Det är över nu is played and Titti shares with the listeners that Micke was air drumming in the studio during the song. Per says Det är över nu and also Sommartider, Det hjärta som brinner or Tylö sun for example are songs that can’t be rehearsed, because it’s a bit comic without an audience.

The guys say it’s the ’90s when they sounded the best. It was the period when they came back for the first time, with songs like Det är över nu, Kung av sand, Juni, juli, augusti, Gå & fiska!

Titti says one of her absolute favourite GT songs is Juni, juli, augusti and asks the guys if they have any favourite GT songs. Micke Syd says Juni, juli, augusti is much fun to play live. Per picks Faller ner på knä.

Talking about the new album, Samma skrot och korn, Per says it’s a bit more adult, more thoughtful and also sentimental and sad vs. their previous albums. It’s very nice pop music.
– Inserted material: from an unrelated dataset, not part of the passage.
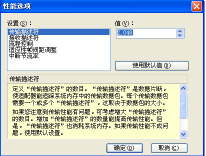 4、在“性能选项”页面,点击“传输描述符”,将值设置为最大2048;

The title refers to the band members. The guys recorded it in France and they went through a creative process that couldn’t have happened in a studio in Stockholm.
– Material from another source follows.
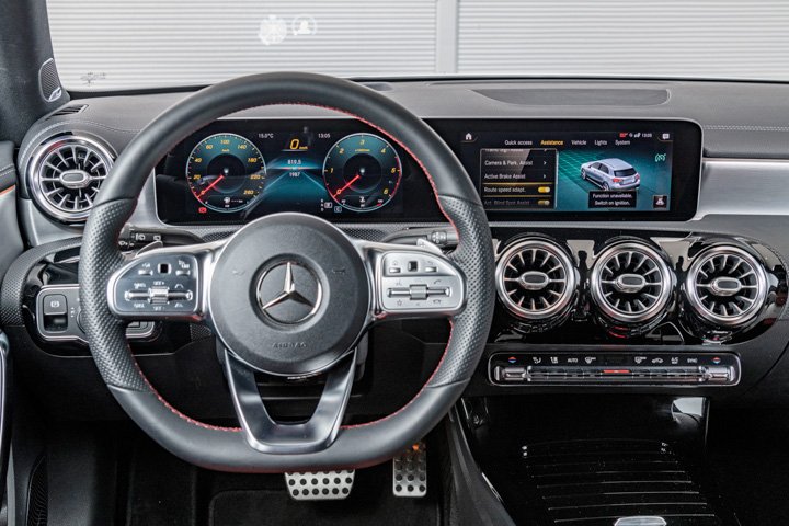 It’s called MBUX – short for the Mercedes-Benz User Experience – and comprises all the semi-autonomous driving functions so far seen on the E-Class and S-Class, including the ability to overtake and regain your original lane on the motorway with no more than a press of an indicator stalk. But this is merely the start: it can also be specced with ‘augmented reality’ nav that uses cameras to show you the street ahead and then overlays graphics showing you, in the most literal sense, which way to turn. It works fantastically well.

Regarding the tour Per and Micke say there will be some unexpected happenings, surprises, but they can’t tell anything about it yet. Micke Syd jokes there will be pole dance. Haha.

Titti asks if the guys are sentimental and feel nostalgic now that all this comes to an end. Micke Syd says he became sentimental already in France. At last there is a song again that HE sings, Låt denna trumslagarpojke sjunga! Titti asks if she can get a little snippet a capella. Per jokes that then he has to go away.

To the question if they get together often, the guys replied that they didn’t meet the five of them together since the last tour, but the recording sessions in France were fantastic and much fun.

About the new single, Jag drömde jag mötte Fluortanten, Per says there is a little Van Morrison turn in it, which is a little unexpected. Titti says this must be the very first song about a Fluortant. The song is played on the radio.

Titti asks Per if he could write a song like Flickorna på TV2 today and Mr. G replies he couldn’t. Titti asks if they will play it this summer. Per says for sure, because it’s great to play it. Regarding the setlist Per says they circulated a list of 51 songs that they will narrow down to 25-26 songs. There are 17-18 songs that they MUST play, but then they also want to include surprises and songs from the new album. The concerts are planned to be 2 hours long.

Titti thinks fans in the ’80s were different than fans today. Per says they are not, it’s juts that we live in a different era. It’s just that there is social media and mobile phones nowadays. Titti asks if there are groupies around, Micke Syd says no, they never really had the talent for that, to have groupies waiting for them at the hotel.

Faller ner på knä is played, but cut short due to news.

Titti asks Micke Syd if he has become a better drummer over the years. Micke says he has, just not technically, but how he plays. When he plays elsewhere, even when he played for Roxette in June Afternoon or She Doesn’t Live Here Anymore, it’s different vs. when he plays in GT. In Gyllene Tider it’s like coming home. In France for example the recordings went so fast, because they went with the flow.

Titti asks how they know a song is ready. Per says a song develops all the time. When they play it live it becomes different. He thinks sometimes it’s a pity that one writes a song, they record it in the studio and take it to an audience only later. It could be the other way around, playing the song for an audience 20-30 times before recording it.